Having agreed upon the play’s final form, it was time to get to work. Dividing the characters between us, it was resolved that the versatile talented polyglot Evan Stamatiou would voice Hatziavatis, Kollitiri, Omorfonios, Philike Etaireia members Panagiotis Sekeris, Dimitrios Ypsilantis, Nikolaos Skoufas, Athanasios Tsakaloff, Bouboulina, Papaflessas, Kolokotronis and Karagiozis’ vengeful wife Agalaia, while I would play Karagiozis, Stavrakas, Emmanouil Xanthos, Dervenagas, Manto Mavrogenous, and Bishop of Old Patras, Germanos. Whilst meeting to coordinate voices and the timing of delivery, to the delight of our children who have now learned most of the lines by heart through osmosis, I also set about creating the shadow puppets, a painstaking and intricate process that saw me drawing on the features of Kolokotronis while participating in a Professional Development online seminar. All of the puppets are studded with the thumbprints of my children, as they have claimed them for their own and go about the house performing their own plays, as I run after them, for I harbour misgivings about the fastness of the colours I have used.

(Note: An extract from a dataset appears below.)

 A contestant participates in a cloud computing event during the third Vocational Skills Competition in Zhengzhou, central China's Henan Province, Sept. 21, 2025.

By Saturday last, when the indefatigable Evangelos Karakasis brought into the mezzanine floor of the Greek Centre the largest and most cunningly fashioned Karagiozis theatre screen ever created in the Southern Hemisphere, we were ready. From behind the screen, Evan Stamatiou and I, along with Ms Petala and drama teacher Jeremy Artis who were enlisted to assist with the puppeteering could hear the excited voices of the children as they walked in, perused the stage settings and sat down expectantly. All of a sudden, I received an attack of nervousness. At that moment, Dr George Athanasopoulos, who when he is not being an Associate Professor in the Department of Econometrics and Business Statistics at Monash University, is a talented musician, staple of the Melbournian rebetiko scene and a parent at the school, and his son Theodoros, began to play the traditional opening song of every Karagiozis production: The Hasaposerviko of Karagiozi. I picked up my puppet and began to play.

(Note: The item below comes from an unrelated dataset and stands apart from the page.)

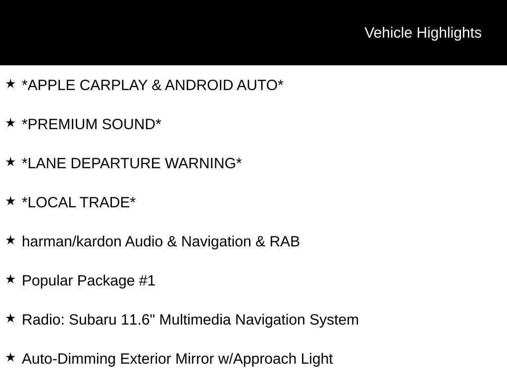My Lakeshore Subaru is your #1 choice in Michigan to get the BEST PRICE on used vehicles and BEST value for your trade. The My Lakeshore Subaru team is ready to provide you with a world-class experience, ensuring that you find the perfect vehicle that fits all your needs. Every vehicle has been through a full safety inspection completed by certified technicians and fully detailed. We sell many makes and models, Certified Pre-owned Subaruâs and Pre-owned Vehicles with years from 2025-2024-2023-2022-2021-2020-2019-2018-2017-2016-2015-2014-2013-2012-2011-2010-2009-2008-2007 and all makes Audi, BMW, Chevrolet, Toyota, Volkswagen, Kia, Hyundai, Mazda, Mercedes, Dodge, Chrysler, Jeep, Ram, Lincoln, Honda, Subaru, and many models like Crosstrek, Outback, Forester, Accent, Legacy, WRX, BRZ, Solterra, and more. Take advantage of our VIP experience by calling 231-867-6957 to schedule a test drive. Read our customer reviews and view our entire selection of preowned vehicles at www.mylakeshoresubaru.com, or stop by today, located at 16605 112th Ave, Nunica, MI 49448. Recent Arrival! 26/33 City/Highway MPG

Over the next 45 or so minutes, the laughter of the children acted as our gauge and we played to their twittering accordingly. In seeking to provide a truly Greek Karagiozis experience, the teachers had provided each child with an υποβρύχιο dessert, vanilla submerged in water and they were thus fed and happy. As we ended the production on a feminist tone, with Karagiozis’ wife providing him with a new understanding of the word freedom, the cheers and laughter of the children moved us profoundly. We answered questions about the characters, the puppets and watched in awe as the teachers moved the children behind the screen, encouraging them to pick up the puppets and try to bring them to life in awe.

In producing the play, we were aware that we were walking in the footsteps of giants such as Dimitris Katsoulis, whose Karagiozis puppets are housed by the Victorian Immigration Museum and whose efforts to translate Karagiozis to an Australian environment must be studied and never forgotten. We were also conscious that the sympraxis between the GOCMV educators who conceived of the project and oversaw the minutiae of its execution, the parents such as ourselves, who can variously write, perform, or play music and talented students forms a blueprint for grass-roots, organic, substantive collaboration within our broader community. It encapsulates just how the GOCMV is able to marshal resources and bring people together.

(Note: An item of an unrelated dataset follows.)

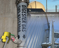 Wastewater treatment plant (WWTP) digester processes produce digester gas, a combination of methane (CH4) and carbon dioxide (CO2) with a small percentage of other trace gases. The digester gas composition can vary with the process and temperature (e.g. seasonally) but a typical average is in the 65% (±5%) CH4 35% (±5%) CO2 range. Digester gas is also a wet and dirty gas, typically containing entrained hydrogen sulfides, which condense and deposit on pipe walls and anything else in the pipe.

Ours is a diverse community in which a vast array of interests are represented. In any given week, a large number of events will be held with a social, folkloric or administrative focus. Few of those events will centre upon the most important members of our community: our children. Ours was an event that was not advertised. No dignitaries were invited. There was no opportunity for photographs or speeches. No money was sought from anyone. No one received any praise or glory. Its sole aim was to entertain, delight and teach children, their receptiveness and appreciation being its own incalculable reward. And as the children walked back to their classrooms, yelling «Ε ρε γλέντια» exuberantly, I realised that this was the most fulfilling event within the Greek community, I had ever participated in.